What you will do:
What is needed here is an exact printout of the data, with no pictures included.

Dataset extract:
********************
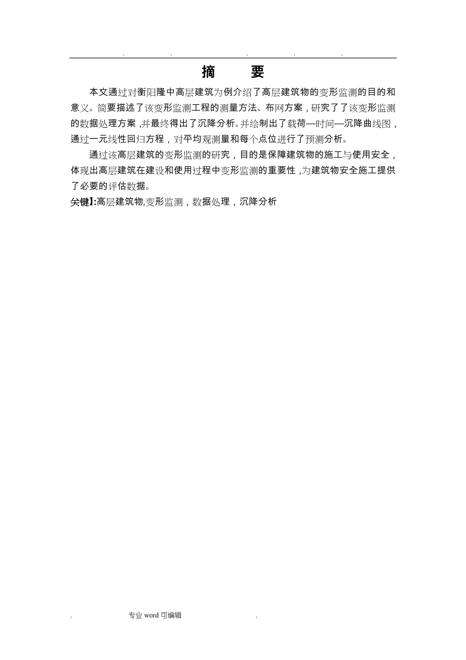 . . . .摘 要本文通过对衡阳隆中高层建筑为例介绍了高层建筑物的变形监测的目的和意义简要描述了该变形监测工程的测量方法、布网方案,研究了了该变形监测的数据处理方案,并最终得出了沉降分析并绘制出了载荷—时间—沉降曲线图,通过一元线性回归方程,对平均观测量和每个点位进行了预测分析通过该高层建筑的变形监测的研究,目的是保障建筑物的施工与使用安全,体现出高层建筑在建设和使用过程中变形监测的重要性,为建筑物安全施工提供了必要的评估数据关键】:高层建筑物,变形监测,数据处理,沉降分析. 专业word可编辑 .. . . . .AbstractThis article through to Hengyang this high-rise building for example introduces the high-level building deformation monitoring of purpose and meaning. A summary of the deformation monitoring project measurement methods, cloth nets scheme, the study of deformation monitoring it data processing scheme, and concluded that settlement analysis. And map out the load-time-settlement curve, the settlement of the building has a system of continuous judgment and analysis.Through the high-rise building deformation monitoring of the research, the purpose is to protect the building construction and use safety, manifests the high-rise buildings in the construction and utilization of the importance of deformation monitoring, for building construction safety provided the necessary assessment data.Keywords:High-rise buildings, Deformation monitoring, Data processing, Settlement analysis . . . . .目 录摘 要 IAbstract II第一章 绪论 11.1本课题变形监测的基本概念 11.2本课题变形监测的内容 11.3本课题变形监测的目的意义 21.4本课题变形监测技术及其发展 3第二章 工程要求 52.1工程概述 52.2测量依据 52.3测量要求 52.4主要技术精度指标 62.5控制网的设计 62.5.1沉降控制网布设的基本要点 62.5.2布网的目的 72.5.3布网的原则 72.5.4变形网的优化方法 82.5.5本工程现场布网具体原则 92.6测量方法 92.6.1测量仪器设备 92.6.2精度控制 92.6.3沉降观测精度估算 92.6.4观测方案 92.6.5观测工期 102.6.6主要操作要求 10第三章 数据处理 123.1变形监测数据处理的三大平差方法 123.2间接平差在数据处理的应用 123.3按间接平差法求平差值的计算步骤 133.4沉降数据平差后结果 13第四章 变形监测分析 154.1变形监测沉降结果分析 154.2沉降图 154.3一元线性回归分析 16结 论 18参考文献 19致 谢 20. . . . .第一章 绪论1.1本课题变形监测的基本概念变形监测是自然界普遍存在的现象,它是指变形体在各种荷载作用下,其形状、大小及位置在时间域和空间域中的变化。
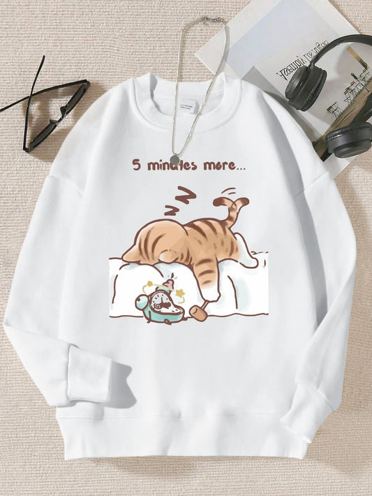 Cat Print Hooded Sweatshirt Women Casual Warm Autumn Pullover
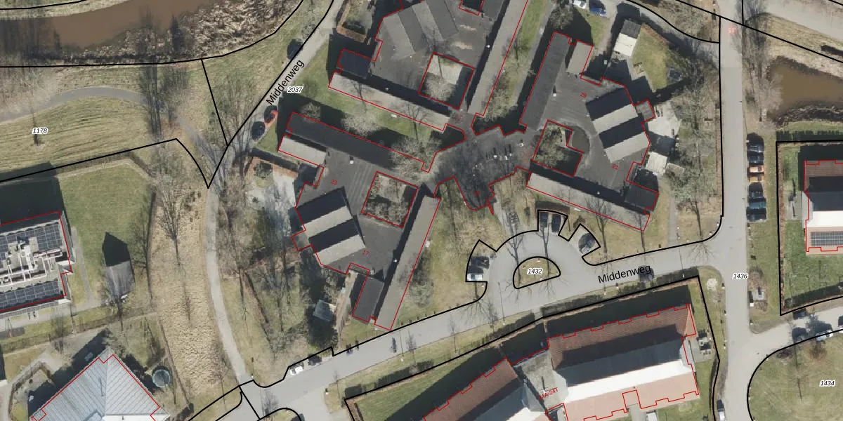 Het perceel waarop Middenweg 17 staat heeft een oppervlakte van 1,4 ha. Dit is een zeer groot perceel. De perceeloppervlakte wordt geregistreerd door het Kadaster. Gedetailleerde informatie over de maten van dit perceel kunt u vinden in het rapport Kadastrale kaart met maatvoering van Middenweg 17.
********************
Reply:
 . . . .摘 要本文通过对衡阳隆中高层建筑为例介绍了高层建筑物的变形监测的目的和意义简要描述了该变形监测工程的测量方法、布网方案,研究了了该变形监测的数据处理方案,并最终得出了沉降分析并绘制出了载荷—时间—沉降曲线图,通过一元线性回归方程,对平均观测量和每个点位进行了预测分析通过该高层建筑的变形监测的研究,目的是保障建筑物的施工与使用安全,体现出高层建筑在建设和使用过程中变形监测的重要性,为建筑物安全施工提供了必要的评估数据关键】:高层建筑物,变形监测,数据处理,沉降分析. 专业word可编辑 .. . . . .AbstractThis article through to Hengyang this high-rise building for example introduces the high-level building deformation monitoring of purpose and meaning. A summary of the deformation monitoring project measurement methods, cloth nets scheme, the study of deformation monitoring it data processing scheme, and concluded that settlement analysis. And map out the load-time-settlement curve, the settlement of the building has a system of continuous judgment and analysis.Through the high-rise building deformation monitoring of the research, the purpose is to protect the building construction and use safety, manifests the high-rise buildings in the construction and utilization of the importance of deformation monitoring, for building construction safety provided the necessary assessment data.Keywords:High-rise buildings, Deformation monitoring, Data processing, Settlement analysis . . . . .目 录摘 要 IAbstract II第一章 绪论 11.1本课题变形监测的基本概念 11.2本课题变形监测的内容 11.3本课题变形监测的目的意义 21.4本课题变形监测技术及其发展 3第二章 工程要求 52.1工程概述 52.2测量依据 52.3测量要求 52.4主要技术精度指标 62.5控制网的设计 62.5.1沉降控制网布设的基本要点 62.5.2布网的目的 72.5.3布网的原则 72.5.4变形网的优化方法 82.5.5本工程现场布网具体原则 92.6测量方法 92.6.1测量仪器设备 92.6.2精度控制 92.6.3沉降观测精度估算 92.6.4观测方案 92.6.5观测工期 102.6.6主要操作要求 10第三章 数据处理 123.1变形监测数据处理的三大平差方法 123.2间接平差在数据处理的应用 123.3按间接平差法求平差值的计算步骤 133.4沉降数据平差后结果 13第四章 变形监测分析 154.1变形监测沉降结果分析 154.2沉降图 154.3一元线性回归分析 16结 论 18参考文献 19致 谢 20. . . . .第一章 绪论1.1本课题变形监测的基本概念变形监测是自然界普遍存在的现象,它是指变形体在各种荷载作用下,其形状、大小及位置在时间域和空间域中的变化。
 Cat Print Hooded Sweatshirt Women Casual Warm Autumn Pullover
 Het perceel waarop Middenweg 17 staat heeft een oppervlakte van 1,4 ha. Dit is een zeer groot perceel. De perceeloppervlakte wordt geregistreerd door het Kadaster. Gedetailleerde informatie over de maten van dit perceel kunt u vinden in het rapport Kadastrale kaart met maatvoering van Middenweg 17.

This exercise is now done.